First a category theoretical aside: in this post I talked about how monads were really a kind of abstract monoid. Well ParameterisedMonad is a kind of abstract category. If we were to implement join for this class it would play a role analogous to composition of arrows in a category. In a monoid you can multiply any old elements together to get a new element. In a category, you can't multiply two arrows together unless the tail of the second matches the head of the first.

Now we can generalise the writer monad to a ParameterisedMonad.

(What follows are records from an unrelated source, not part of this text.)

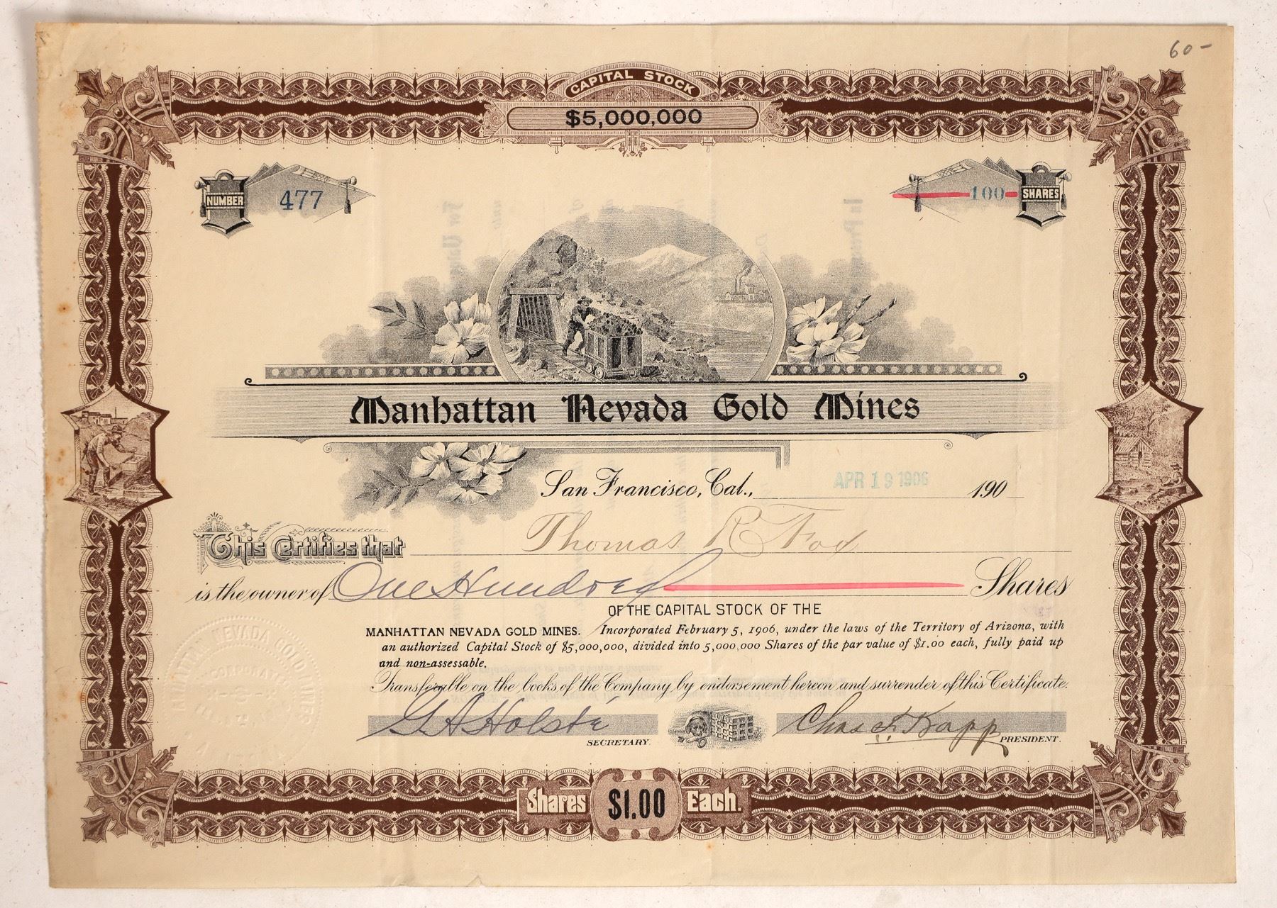 Rare issued 1906 Manhattan Nevada Gold Mines stock. [ Manhattan Nevada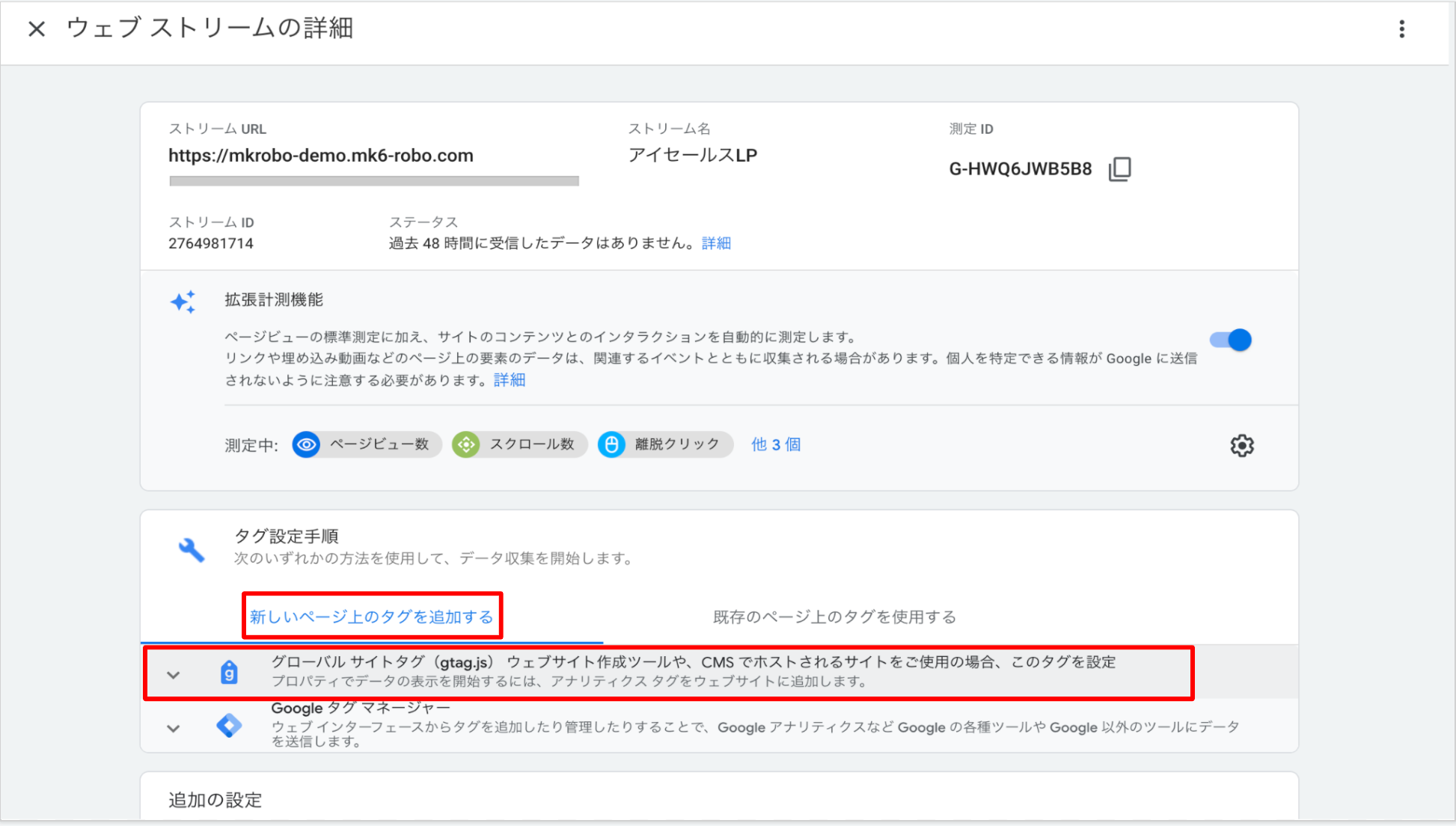 管理設定 >設定アシスタント > タグの設定 > データ ストリーム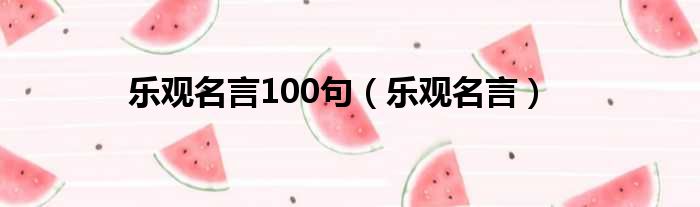 乐观名言100句(乐观名言)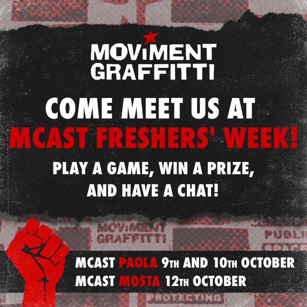 📍 Studenti Graffitti, the student wing of Moviment Graffitti, will be present at the MCAST Freshers’ Week 2023 on Monday 9th and Tuesday 10th October in Paola, and on Thursday 12th October in Mosta, between 8 a.m. and 1 p.m.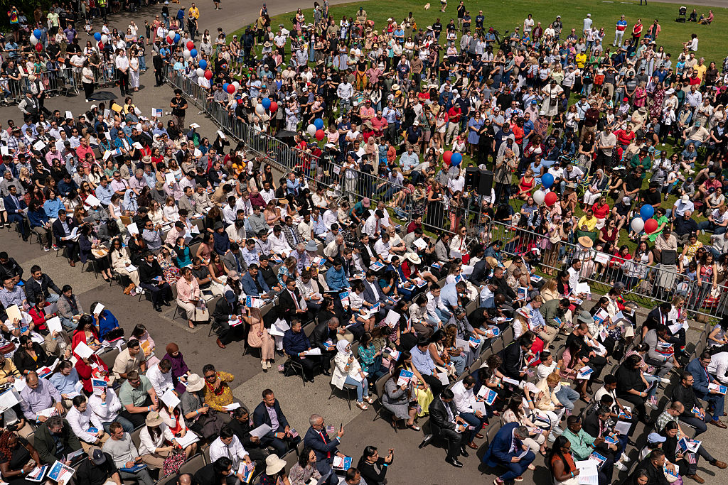 Während einer Einbürgerungszeremonie für neue US-Bürger im Seattle Center am 4. Juli 2025 in Seattle, Washington. Die jährliche Veranstaltung zog Hunderte Teilnehmer aus rund 80 Ländern an. Foto: David Ryder/Getty Images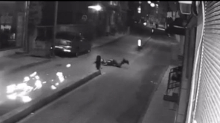 Öte yandan kaza, çevredeki bir iş yerinin güvenlik kamerasınca kaydedildi.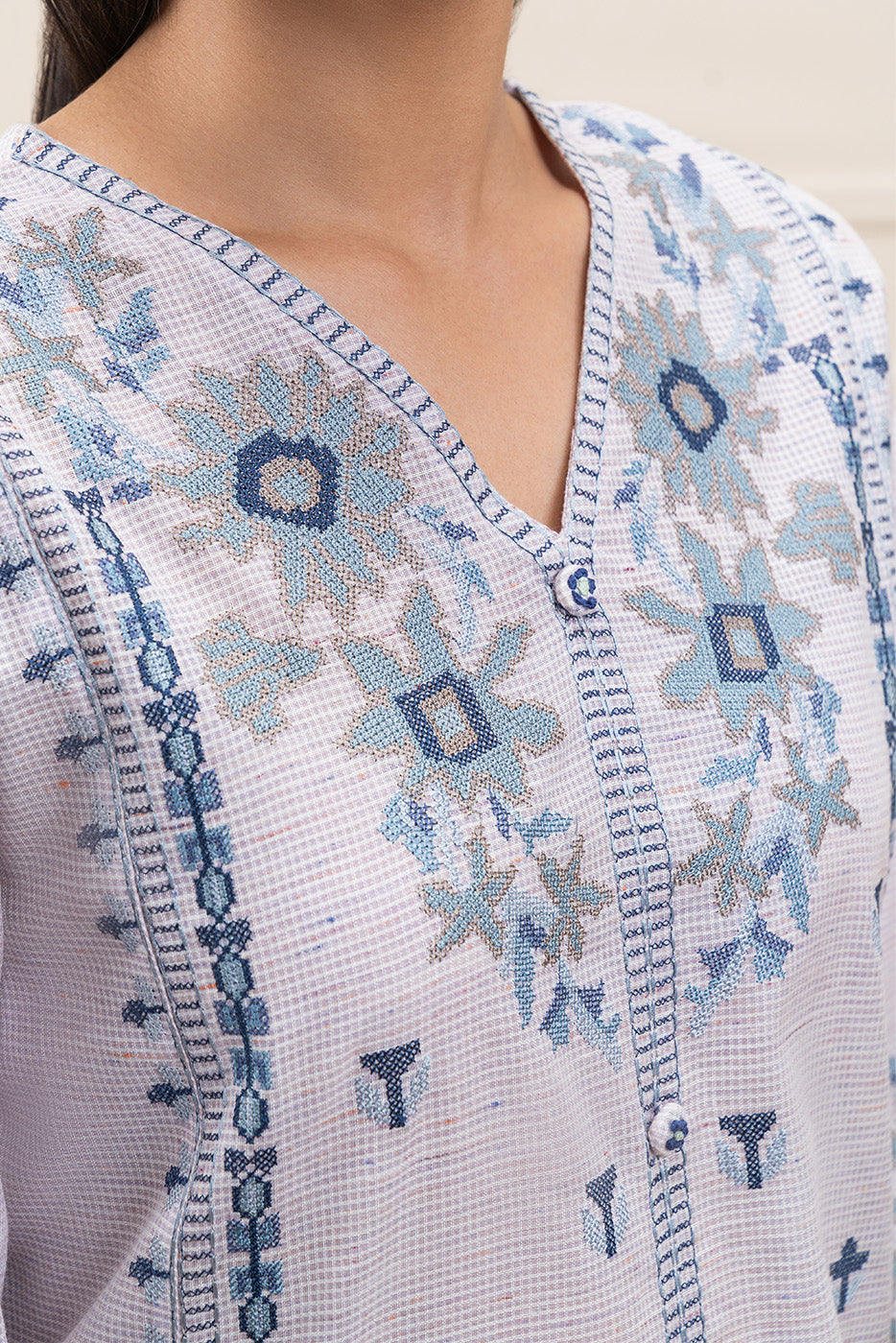 - Description: Crossstitch Embroidered Shirt . Paired With Culotte Pants And Digital Printed Dupatta

But there's a twist: every monoid gives rise to a writer. This time we'll find that every category gives rise to a ParameterisedMonad. Here's the definition. Again, it was lifted straight out of the source for the usual Writer monad. The main change is replacing mempty and mappend with id and flip (.).

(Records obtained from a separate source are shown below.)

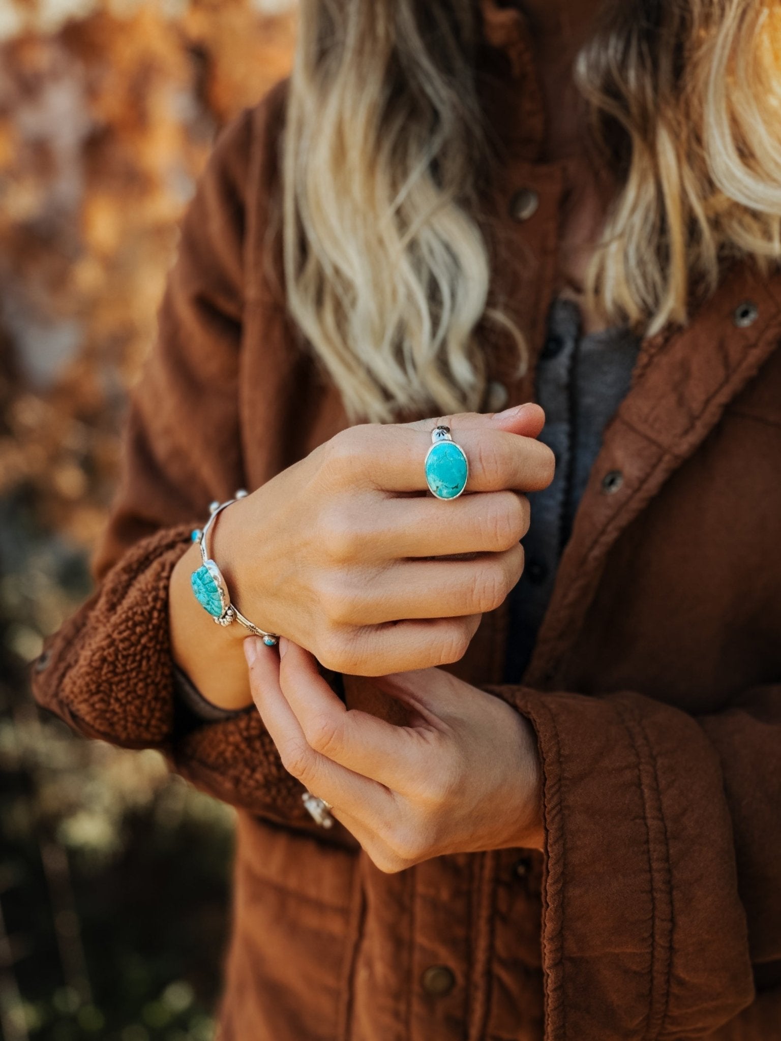 This one would pair great with the Statement Cuff in Hubei Turquoise, the Turquoise Ammonite Cuff, or the Blue Sky Rings in this collection.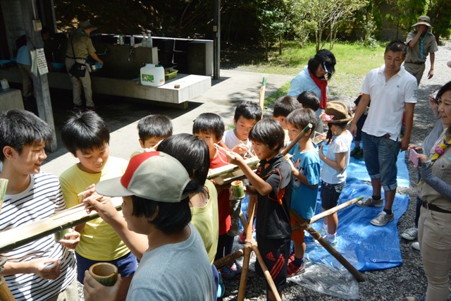 カブ隊は北千里わくわくの郷にて、中型構築物製作?(ベンチャーか!)として、そうめん流しを行いました。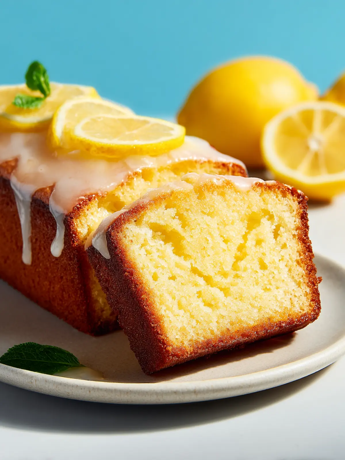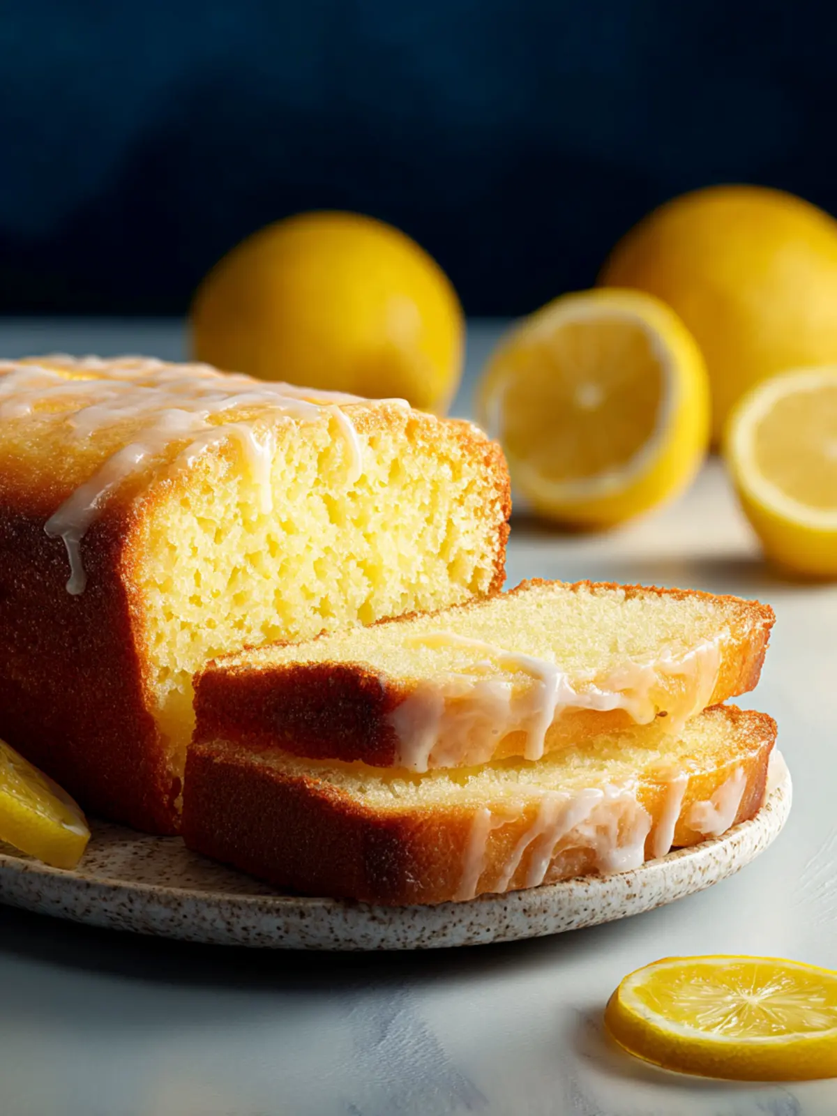 A moist lemon loaf cake with a zesty flavor, perfect for any occasion.

> data Writer cat s1 s2 a = Writer { runWriter :: (a,cat s1 s2) }
> instance (Category cat) => ParameterisedMonad (Writer cat) where
> return a = Writer (a,id)
> m >>= k = Writer $ let
> (a, w) = runWriter m
> (b, w') = runWriter (k a)
> in (b, w' . w)
> tell w = Writer ((),w)
> execWriter m = snd (runWriter m)

It's just like the usual Writer monad except that the type of the 'written' data may change. I'll borrow an example (modified a bit) from the paper. Define some type safe stack machine operations that are guaranteed not to blow your stack:

> push n x = (n,x)
> drop (_,x) = x
> dup (n,x) = (n,(n,x))
> add (m,(n,x)) = (m+n,x)
> swap (m,(n,x)) = (n,(m,x))

We can now 'write' the composition of a bunch of these operations as a 'side effect':

> test3 = tell (push 1) >>
> tell (push 2) >>
> tell dup >>
> tell add >>
> tell swap >>
> tell drop
> go3 = execWriter test3 ()

I guess there's one last thing I have to find. The mother of all parameterised monads. Again, we lift code from the ghc libraries, this time from Control.Monad.Cont. I just tweak the definition ever so slightly. Normally when you hand a continuation to an element of the Cont type it gives you back an element of the continuation's range. We allow the return of any type. This time the implementations of return and (>>=) remain completely unchanged:

> newtype Cont r1 r2 a = Cont { runCont :: (a -> r2) -> r1 }
> instance ParameterisedMonad Cont where
> return a = Cont ($ a)
> m >>= k = Cont $ \c -> runCont m $ \a -> runCont (k a) c

> i x = Cont (\fred -> x >>= fred)
> run m = runCont m return

> test4 = run $ i (tell (push 1)) >>
> i (tell (push 2)) >>
> i (tell dup) >>
> i (tell add) >>
> i (tell swap) >>
> i (tell drop)

> go4 = execWriter test4 ()

So what's going on here? The implementations of these instances require almost trivial changes to the original monads, or in two cases no changes at all apart from the type signature. I have my opinion: Haskell programmers have been using the wrong type class all along. In each case the type signature for return and >>= was too strict and so the functionality was being unnecessarily shackled. By writing the code without a signature, ghci tells us what the correct signature should have been all along. I think it might just possibly be time to consider making ParameterisedMonad as important as Monad to Haskell programming. At the very least, do-notation needs to be adapted to support ParameterisedMonad.

Update: You *can* use do-notation with ParameterisedMonad if you use the NoImplicitPrelude flag.

Update2: Some credits and links:

  1. The Polystate Monad is one of the independent discoveries I mentioned above.
  2. A more general approach to Parameterized Monads in Haskell.
  3. A comment on Parameterized Monads that shows explicitly how to make this work with NoImplicitPrelude.
  4. Oleg's Variable (type)state `monad'.
  5. Wadler discovered this design pattern back in 1993 in Monads and composable continuations.

I didn't contribute anything, this article is just advocacy.